## Work to be completed
Output the listing word for word, minus images.

········

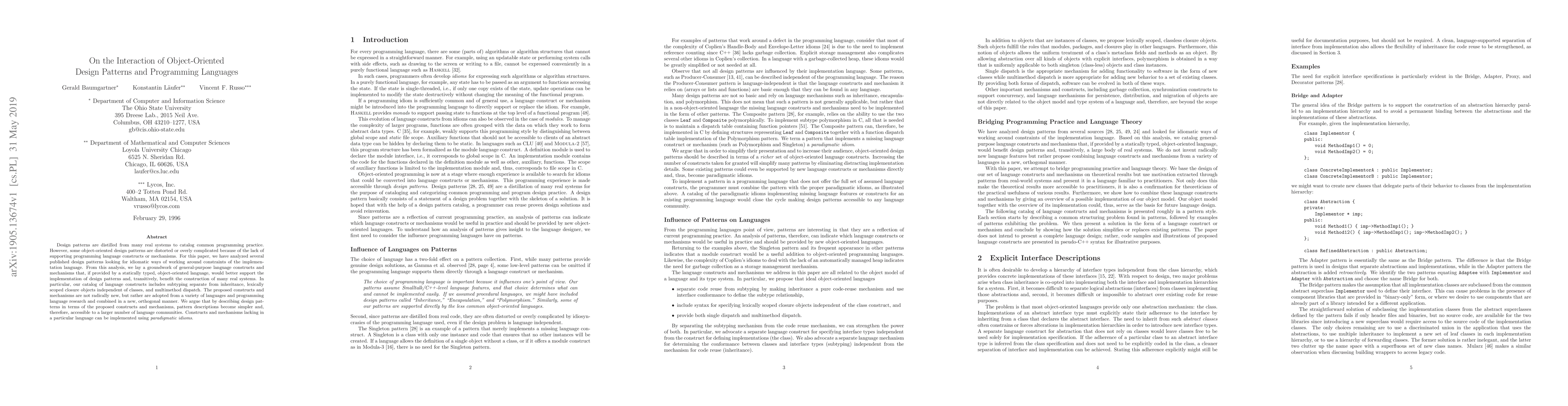 This paper analyzes how object-oriented design patterns can be distorted by language constraints and proposes general-purpose language constructs like subtyping, lexically scoped closures, and multimethod dispatch to better support pattern implementation. It argues these constructs simplify pattern descriptions and enhance accessibility.
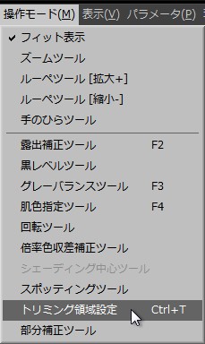 アイコンをクリックするとトリミングツール・モードに切り替わります。トリミングツールは、プレビュー画像上でマウスのドラッグ操作することによってトリミング領域を設定するツールです。 ドラッグの開始点から終了点までの矩形を「領域設定方式」に従ってトリミング領域として設定します。 「領域設定方式」で「自由サイズ」を選択されている場合には、ドラッグの開始点から終了点までの矩形がそのままトリミング領域となります。 それ以外の設定が選択されていている場合には、トリミング領域の縦横比が固定されます。 ドラッグ中のマウスの位置から自動的にトリミング領域の矩形を計算して表示します。 RAWデータには、通常の現像処理で写真として現像処理している領域よりも少し広い領域の情報が記録されている場合があります。 この領域を拡張領域と呼ぶことにします。 4.14.5. カメラで縦横比(アスペクト)を設定したRAWデータについて また、「回転・デジタルシフト」や、「レンズ収差補正」の「ディストーション」によって生じる余白領域も拡張領域に含まれます。 「トリミング拡張」を有効にすると、この拡張領域まで含めてトリミング領域の設定をおこなうことができるようになります。 拡張領域の広さはデジタルカメラの機種によってさまざまです。 また、機種によっては露光せずに真っ黒に写っている領域や、電子ノイズのような無効な画像が記録されている場合もあります。 パラメータで編集された結果生じる余白領域は、グレーに処理されます。 ご利用のカメラで縦横比(アスペクト)を設定して撮影すると、その縦横比(アスペクト)に合わせてRAWデータに記録される領域が変化する機種もありますが、カメラによっては設定した縦横比(アスペクト)よりも広い領域がRAWデータに記録されていることがあります。 この様なRAWデータに対しては、以下のいずれかの方法で設定した縦横比(アスペクト)を現像処理後の画像に反映する場合があります。
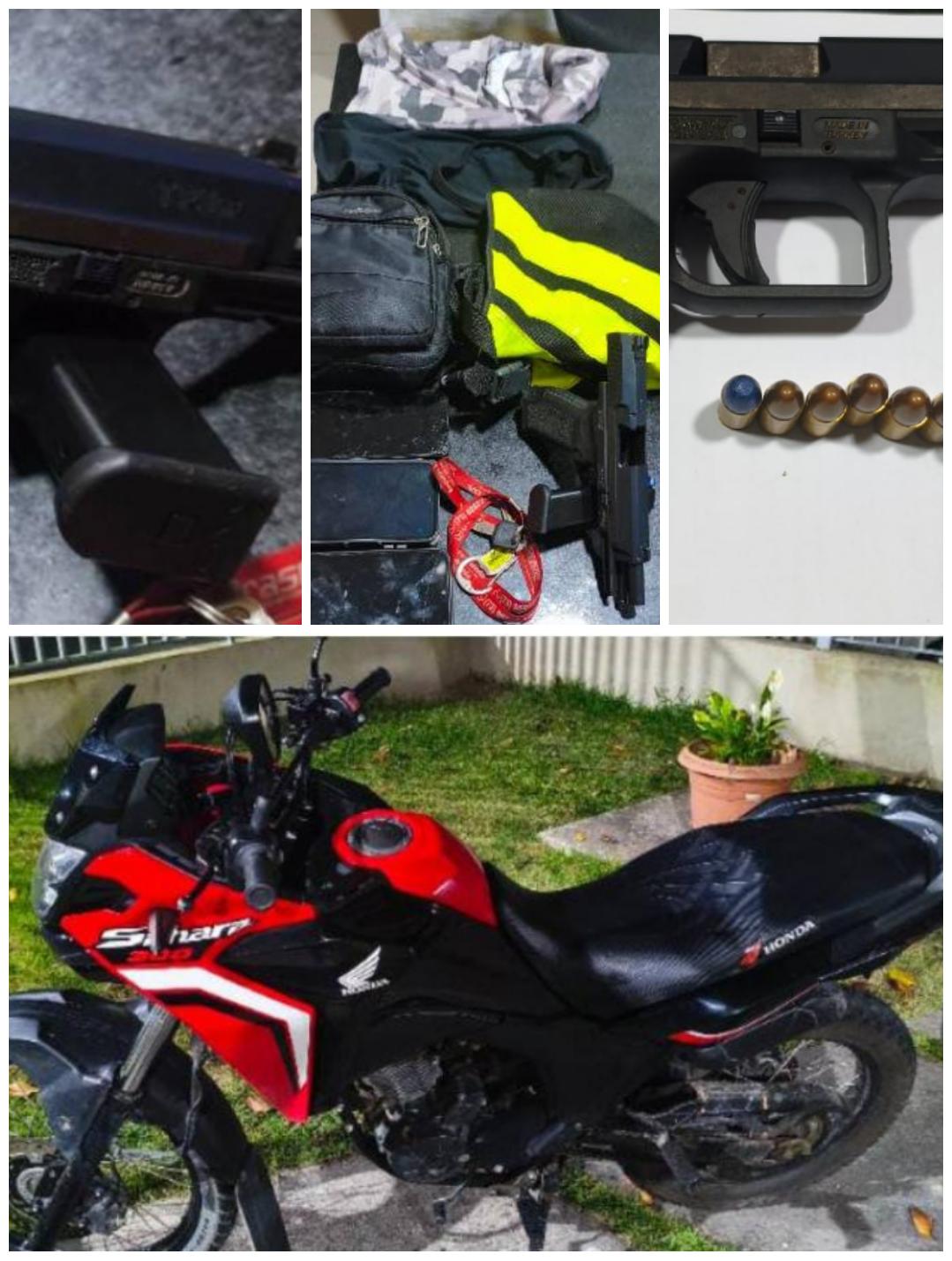 A dupla estava em uma motocicleta Sahara, cor vermelha, sem placa, cujas características coincidiam com o veículo utilizado em roubos de motocicletas realizados dias anteriores.
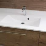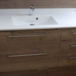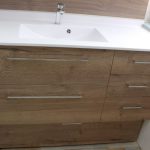 - Plan toilette Solid Surface blanc satiné – en faux équerrage. Largeur 124,5 arrière / 123,6 devant x profondeur 56 x ép 1,5 cm Dosseret hauteur 5 cm – 1 vasque Madrid avec trop plein – vasque à gauche.
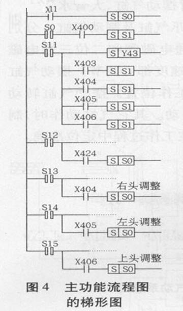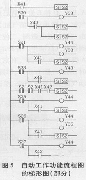 图4为主功能流程图的梯形图,图5为自动工作功能流程图的梯形图(只给出了一部分) 。先看步25到步27的单序列,其各步的控制规律为:若某步为活动时,则当它与下步间的转换条件一旦成立,该步即变为非活动步,而下一步成为活动步。当步为活动时,相应的动作和命令才执行,非活动步相应的动作和命令不被执行。这样步25是活动步时,会发右头快进指令(使Y442得电) ,直到快进到位(行程开关SQ4受压,转换条件X412满足) ,步25成为非活动步,右头停止快进(使Y442失电) ,步26成为活动步,工件开始从中位降下位(使Y447、Y552得电) ⋯⋯。选择序列各步的控制规律为:分支时,若一个前级步是活动的,则当它与多个选择后续步之间的哪个转换条件满足,哪个后续步就成为活动步,而前级步成为非活动步。合并时,若多个选择前级步之一是活动的,当该活动步与一个后续步之间的转换条件满足,则后续步就成为活动步,前级步成为非活动步。实例中步11为活动步时,四个分支的转换条件哪个成立则哪个分支步就会成为活动步。如果按动自动加工起动按钮,使转换条件X403满足,则会进入步12,开始自动加工过程,直到转换条件X424满足,分支合并循环到初始步,开始一个新的轮回。按照控制要求,整个加工过程中主泵电机需要一直处于运转状态,所以在步11中使用了置位Y430指令,而在步11成为非活动步后, Y430并不失电。并行序列各步的控制规律为:分支时,若一个前级步是活动的,则当转换条件满足,则多个并行的后续步同时成为活动步,而前级步成为非活动步。合并时,若多个并行的前级步均是活动的,当转换条件满足,则一个后续步成为活动步,多个并行的前级步同步成为非活动的。实例中步20为活动步时,执行装件指令,装件完毕,转换条件X425满足,步21、步23同时成为活动步,即停止装件,开始工件上位降中位和主轴定位动作。由于这两个动作不同时结束,因此插入了两个没有动作和命令的空步——步22、步24 (梯形图中相应的步进接点没有连接输出继电器) ,用于分别停止两个前级步,结束相应的动作,并等待两个动作均停止的时刻,一旦时刻来到(条件X410·X427满足) ,两并行步合并转换到步25。三头同时加工时,也有类似的同步问题,在此不再赘述。
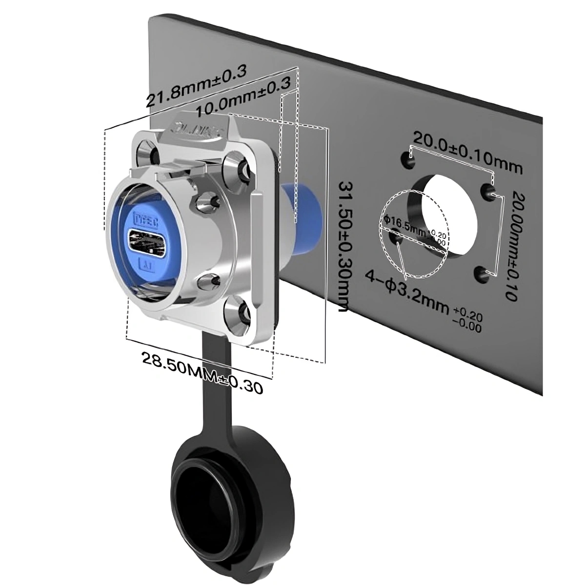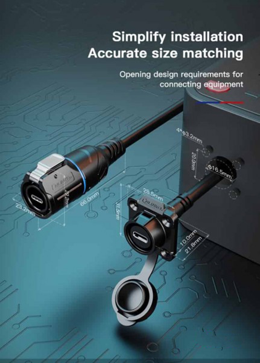 Waterproof and dust-protected industrial USB C panel mount socket IP68 for demanding use.
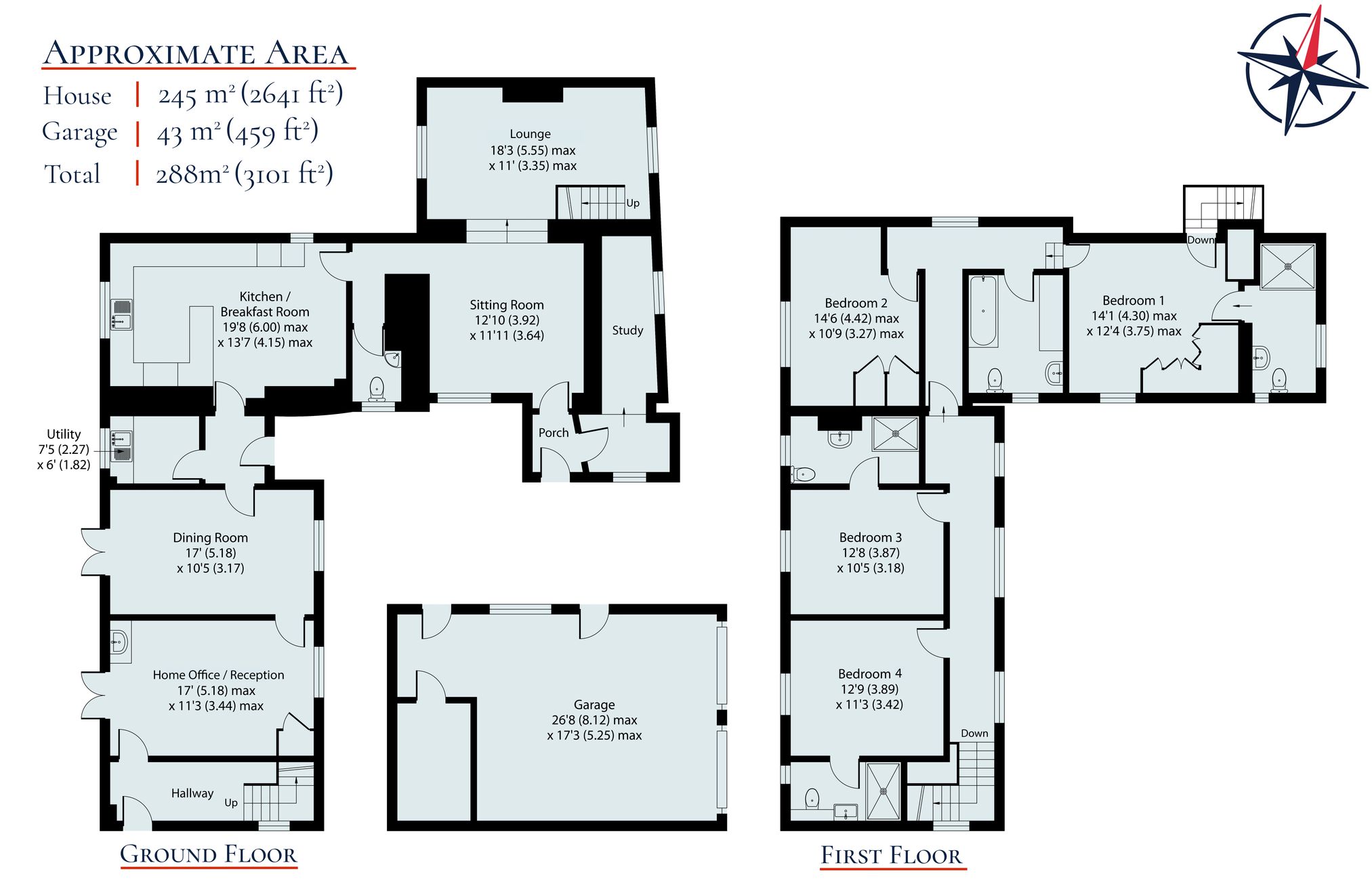 - 4 Bedrooms with ample entertaining rooms or studies
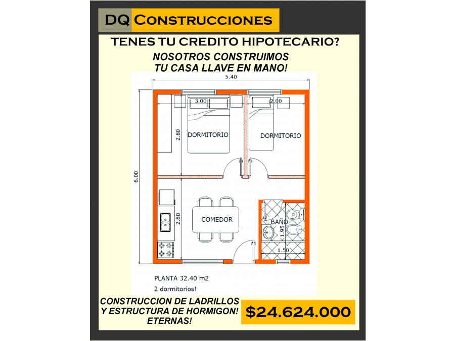 Tu vivienda de ladrillos al mejor precio del mercado y la mejor calidad!!!...2 DORMITORIOS!!!

········

## Completed exercise
 This paper analyzes how object-oriented design patterns can be distorted by language constraints and proposes general-purpose language constructs like subtyping, lexically scoped closures, and multimethod dispatch to better support pattern implementation. It argues these constructs simplify pattern descriptions and enhance accessibility.
 アイコンをクリックするとトリミングツール・モードに切り替わります。トリミングツールは、プレビュー画像上でマウスのドラッグ操作することによってトリミング領域を設定するツールです。 ドラッグの開始点から終了点までの矩形を「領域設定方式」に従ってトリミング領域として設定します。 「領域設定方式」で「自由サイズ」を選択されている場合には、ドラッグの開始点から終了点までの矩形がそのままトリミング領域となります。 それ以外の設定が選択されていている場合には、トリミング領域の縦横比が固定されます。 ドラッグ中のマウスの位置から自動的にトリミング領域の矩形を計算して表示します。 RAWデータには、通常の現像処理で写真として現像処理している領域よりも少し広い領域の情報が記録されている場合があります。 この領域を拡張領域と呼ぶことにします。 4.14.5. カメラで縦横比(アスペクト)を設定したRAWデータについて また、「回転・デジタルシフト」や、「レンズ収差補正」の「ディストーション」によって生じる余白領域も拡張領域に含まれます。 「トリミング拡張」を有効にすると、この拡張領域まで含めてトリミング領域の設定をおこなうことができるようになります。 拡張領域の広さはデジタルカメラの機種によってさまざまです。 また、機種によっては露光せずに真っ黒に写っている領域や、電子ノイズのような無効な画像が記録されている場合もあります。 パラメータで編集された結果生じる余白領域は、グレーに処理されます。 ご利用のカメラで縦横比(アスペクト)を設定して撮影すると、その縦横比(アスペクト)に合わせてRAWデータに記録される領域が変化する機種もありますが、カメラによっては設定した縦横比(アスペクト)よりも広い領域がRAWデータに記録されていることがあります。 この様なRAWデータに対しては、以下のいずれかの方法で設定した縦横比(アスペクト)を現像処理後の画像に反映する場合があります。
 A dupla estava em uma motocicleta Sahara, cor vermelha, sem placa, cujas características coincidiam com o veículo utilizado em roubos de motocicletas realizados dias anteriores.
 - Plan toilette Solid Surface blanc satiné – en faux équerrage. Largeur 124,5 arrière / 123,6 devant x profondeur 56 x ép 1,5 cm Dosseret hauteur 5 cm – 1 vasque Madrid avec trop plein – vasque à gauche.
 图4为主功能流程图的梯形图,图5为自动工作功能流程图的梯形图(只给出了一部分) 。先看步25到步27的单序列,其各步的控制规律为:若某步为活动时,则当它与下步间的转换条件一旦成立,该步即变为非活动步,而下一步成为活动步。当步为活动时,相应的动作和命令才执行,非活动步相应的动作和命令不被执行。这样步25是活动步时,会发右头快进指令(使Y442得电) ,直到快进到位(行程开关SQ4受压,转换条件X412满足) ,步25成为非活动步,右头停止快进(使Y442失电) ,步26成为活动步,工件开始从中位降下位(使Y447、Y552得电) ⋯⋯。选择序列各步的控制规律为:分支时,若一个前级步是活动的,则当它与多个选择后续步之间的哪个转换条件满足,哪个后续步就成为活动步,而前级步成为非活动步。合并时,若多个选择前级步之一是活动的,当该活动步与一个后续步之间的转换条件满足,则后续步就成为活动步,前级步成为非活动步。实例中步11为活动步时,四个分支的转换条件哪个成立则哪个分支步就会成为活动步。如果按动自动加工起动按钮,使转换条件X403满足,则会进入步12,开始自动加工过程,直到转换条件X424满足,分支合并循环到初始步,开始一个新的轮回。按照控制要求,整个加工过程中主泵电机需要一直处于运转状态,所以在步11中使用了置位Y430指令,而在步11成为非活动步后, Y430并不失电。并行序列各步的控制规律为:分支时,若一个前级步是活动的,则当转换条件满足,则多个并行的后续步同时成为活动步,而前级步成为非活动步。合并时,若多个并行的前级步均是活动的,当转换条件满足,则一个后续步成为活动步,多个并行的前级步同步成为非活动的。实例中步20为活动步时,执行装件指令,装件完毕,转换条件X425满足,步21、步23同时成为活动步,即停止装件,开始工件上位降中位和主轴定位动作。由于这两个动作不同时结束,因此插入了两个没有动作和命令的空步——步22、步24 (梯形图中相应的步进接点没有连接输出继电器) ,用于分别停止两个前级步,结束相应的动作,并等待两个动作均停止的时刻,一旦时刻来到(条件X410·X427满足) ,两并行步合并转换到步25。三头同时加工时,也有类似的同步问题,在此不再赘述。
 Waterproof and dust-protected industrial USB C panel mount socket IP68 for demanding use.
 - 4 Bedrooms with ample entertaining rooms or studies
 Tu vivienda de ladrillos al mejor precio del mercado y la mejor calidad!!!...2 DORMITORIOS!!!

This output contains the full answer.